(Data for this task begins)

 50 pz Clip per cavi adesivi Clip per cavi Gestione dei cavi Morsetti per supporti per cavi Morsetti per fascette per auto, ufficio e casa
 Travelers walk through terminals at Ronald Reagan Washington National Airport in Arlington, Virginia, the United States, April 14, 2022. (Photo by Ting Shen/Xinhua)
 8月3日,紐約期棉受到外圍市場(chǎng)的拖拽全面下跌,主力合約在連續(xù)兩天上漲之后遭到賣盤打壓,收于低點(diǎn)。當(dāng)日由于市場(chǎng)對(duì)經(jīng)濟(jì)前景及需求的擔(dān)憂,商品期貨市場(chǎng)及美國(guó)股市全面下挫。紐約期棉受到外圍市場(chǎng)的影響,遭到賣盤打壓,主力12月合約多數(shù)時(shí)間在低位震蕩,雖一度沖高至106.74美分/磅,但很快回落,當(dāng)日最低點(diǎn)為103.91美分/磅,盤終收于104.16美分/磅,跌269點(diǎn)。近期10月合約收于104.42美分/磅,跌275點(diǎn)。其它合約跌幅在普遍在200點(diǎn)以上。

(Data for this task ends)
(Data for this task begins)

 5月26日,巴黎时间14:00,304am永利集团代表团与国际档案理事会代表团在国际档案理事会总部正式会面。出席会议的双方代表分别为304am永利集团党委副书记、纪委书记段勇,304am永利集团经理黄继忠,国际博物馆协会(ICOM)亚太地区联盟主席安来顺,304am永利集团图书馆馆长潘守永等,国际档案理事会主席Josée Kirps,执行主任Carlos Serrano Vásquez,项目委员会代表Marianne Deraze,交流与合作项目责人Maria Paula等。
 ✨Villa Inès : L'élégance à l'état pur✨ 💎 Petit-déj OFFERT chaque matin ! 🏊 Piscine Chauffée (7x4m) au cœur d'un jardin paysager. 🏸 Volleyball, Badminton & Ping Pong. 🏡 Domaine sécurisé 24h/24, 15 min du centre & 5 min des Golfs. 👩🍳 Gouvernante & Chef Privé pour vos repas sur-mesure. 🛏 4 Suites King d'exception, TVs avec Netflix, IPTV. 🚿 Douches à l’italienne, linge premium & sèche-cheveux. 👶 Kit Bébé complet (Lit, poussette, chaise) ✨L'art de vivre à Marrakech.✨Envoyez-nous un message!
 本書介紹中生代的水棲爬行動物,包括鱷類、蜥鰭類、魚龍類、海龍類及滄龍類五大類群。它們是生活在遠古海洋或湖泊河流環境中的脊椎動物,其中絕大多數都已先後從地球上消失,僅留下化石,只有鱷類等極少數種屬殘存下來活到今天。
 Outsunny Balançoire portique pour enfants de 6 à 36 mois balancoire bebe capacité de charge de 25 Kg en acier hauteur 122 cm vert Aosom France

(Data for this task ends)

Reproduce only the lines above, starting at the line with "50 pz Clip per" and ending at the line with "8月3日,紐約期棉受到外圍市", exactly as written.

 50 pz Clip per cavi adesivi Clip per cavi Gestione dei cavi Morsetti per supporti per cavi Morsetti per fascette per auto, ufficio e casa
 Travelers walk through terminals at Ronald Reagan Washington National Airport in Arlington, Virginia, the United States, April 14, 2022. (Photo by Ting Shen/Xinhua)
 8月3日,紐約期棉受到外圍市場(chǎng)的拖拽全面下跌,主力合約在連續(xù)兩天上漲之后遭到賣盤打壓,收于低點(diǎn)。當(dāng)日由于市場(chǎng)對(duì)經(jīng)濟(jì)前景及需求的擔(dān)憂,商品期貨市場(chǎng)及美國(guó)股市全面下挫。紐約期棉受到外圍市場(chǎng)的影響,遭到賣盤打壓,主力12月合約多數(shù)時(shí)間在低位震蕩,雖一度沖高至106.74美分/磅,但很快回落,當(dāng)日最低點(diǎn)為103.91美分/磅,盤終收于104.16美分/磅,跌269點(diǎn)。近期10月合約收于104.42美分/磅,跌275點(diǎn)。其它合約跌幅在普遍在200點(diǎn)以上。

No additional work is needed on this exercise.